夜中に寒さをかんじて、胸が苦しい感じがした。
気持ちがモヤモヤするのが一番嫌な感じ。
九診目(9月7日)
前回の治療後、不安はかなり薄らいだが、まだ少し残っている。
首がこわばっている感じがあった。
昨日悪寒を感じたが、お灸をしたら大丈夫になった。
十~十四診目(9月13日 28日 10月12日 25日)
状態が安定してきたので、二週間に一回の施術ペースに。
まだアップダウンはあり、時々の不安がふっと出ることもあるが長引かない。
十五診目(11月1日)
娘を長時間抱っこしていたら肩こりが強くなった。
次の日、朝起きたらどよーんと気分が落ちこんで、うつうつとした。
その次の日も首がこわばって、気分がどよーんとして、気持ちの切り替えができない。
十六診目(11月8日)
だいぶつらかった。
ドツボにハマっていた。
実家に帰ろうか考えている。
十七診目(11月15日)
夢をたくさん見る。
いろいろとネガティブなこと、最悪なことを考えてしまう。
カウンセリングを受けることにした。
十八診目(11月24日)
カウンセリングに行って来た。
納得するところがあったが、なにか机上の空論的な印象だった。
嫌なイメージは無くなったが、子供と二人きりでいることは不安に感じる。
母が来てくれたのに、イラッと感じてしまった。そばにいて欲しいのに、いて欲しくない矛盾。
十九~二十二診目(12月1日~12月29日)
やっと落ち着いてきて、すごく悪いという状態はなく、またなったら嫌だなという不安を感じる。
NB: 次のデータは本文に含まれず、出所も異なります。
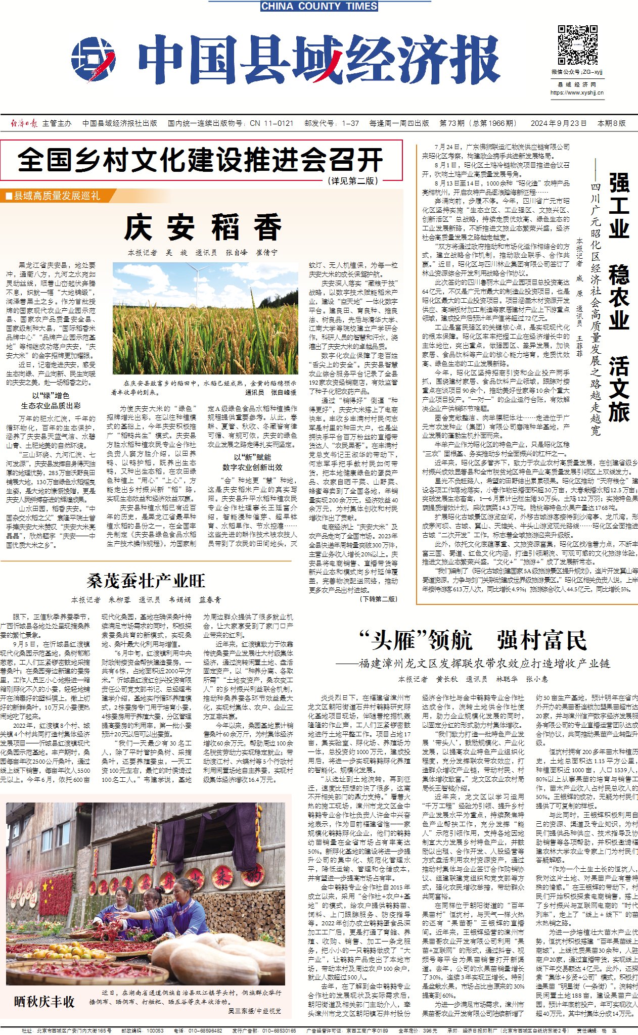 黑龙江省庆安县,地处要冲,通衢八方,九河之水宛如灵动丝线,顺着山峦起伏奔腾不息,织就一幅“大地锦缎”,润泽着黑土之乡。作为首批授牌的国家现代农业产业园示范县、国家农产品质量安全县、国家级制种大县,“国际稻香米品牌中心”“品牌产业园示范基地”等相继成功落户庆安,“庆安大米”的金字招牌更加耀眼。
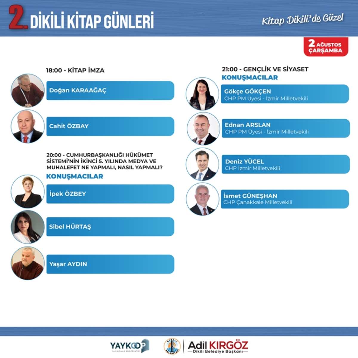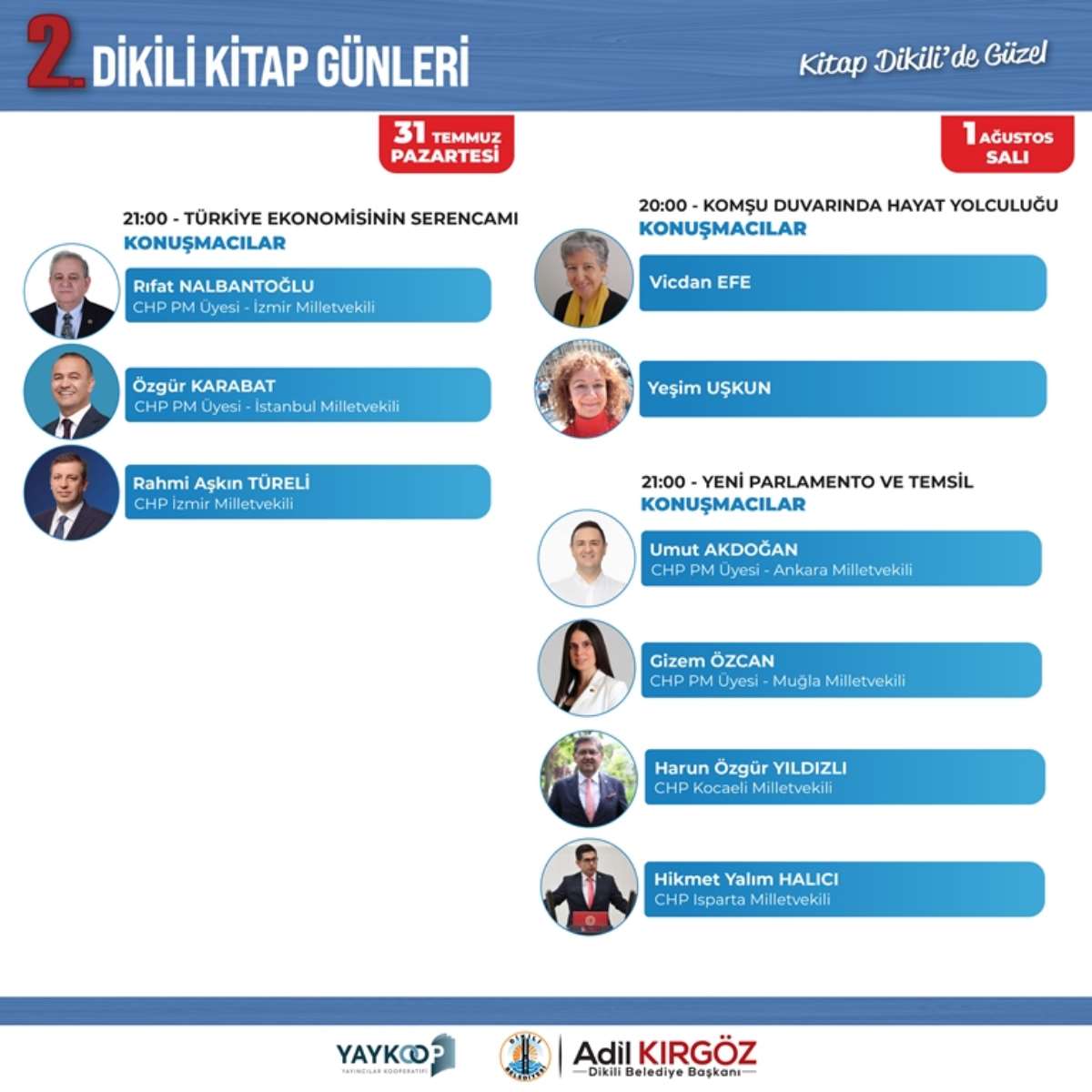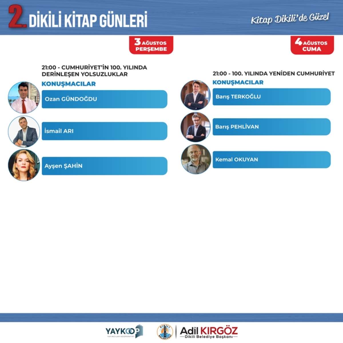 Kent tarihinde bir ilk olarak geçen yıl başlattığı Dikili Kitap Günleri’ne ikinci kez ev sahipliği yapmanın mutluluğunu yaşayan Dikili Belediye Başkanı Adil Kırgöz “Dikili Belediyesi olarak Yayıncılar Kooperatifi (YAYKOOP) iş birliği ile 29 Temmuz -6 Ağustos tarihlerinde gerçekleştireceğimiz 2. Dikili Kitap Günleri’nin temasını ‘100. Yılında Cumhuriyet’ olarak belirledik. 9 gün boyunca eşsiz günbatımı eşliğinde Dikili sokaklarında denizden gelen meltem rüzgarının iyot kokusuyla beraber kitap kokularının yayılacağı etkinliğimizde ülkemizin değerli sanatçılarını, aydınlarını, siyaset insanlarını kitapseverler ile bir araya getiriyoruz. Ulu Önderimiz Gazi Mustafa Kemal Atatürk’ün bizlere armağan ve emanet ettiği Cumhuriyetimizin 100. yılında düzenleyeceğimiz 2. Dikili Kitap Günleri’ne tüm halkımızı davet ediyoruz.” dedi.

年末、年越しで忙しくしているのが、気が紛れて良いほうに転んでいるよう。
二十三診目(平成29年1月15日)
疲れや空腹の時に、気分が落ちやすいのが分かったので、それを避けるようにしている。
お正月はゴロゴロしていた。
状態が良いので、ふたたび二週間に一回の施術ペースに。
二十四診目(1月26日)
特に不安はなかった。
※この後、二週間に一回のペースで施術継続。特に問題も無く、不安もほとんど出るようなことも無く、現在もメンテナンスで通院中。
出産後に動悸、不安、息切れ、気分の落ち込みなどの症状に悩むSさん。
救急搬送されるような状態でしたが、検査では異常が見つからず、家では初めての育児に対するストレスや不安もあって、にっちもさっちもいかない状況でした。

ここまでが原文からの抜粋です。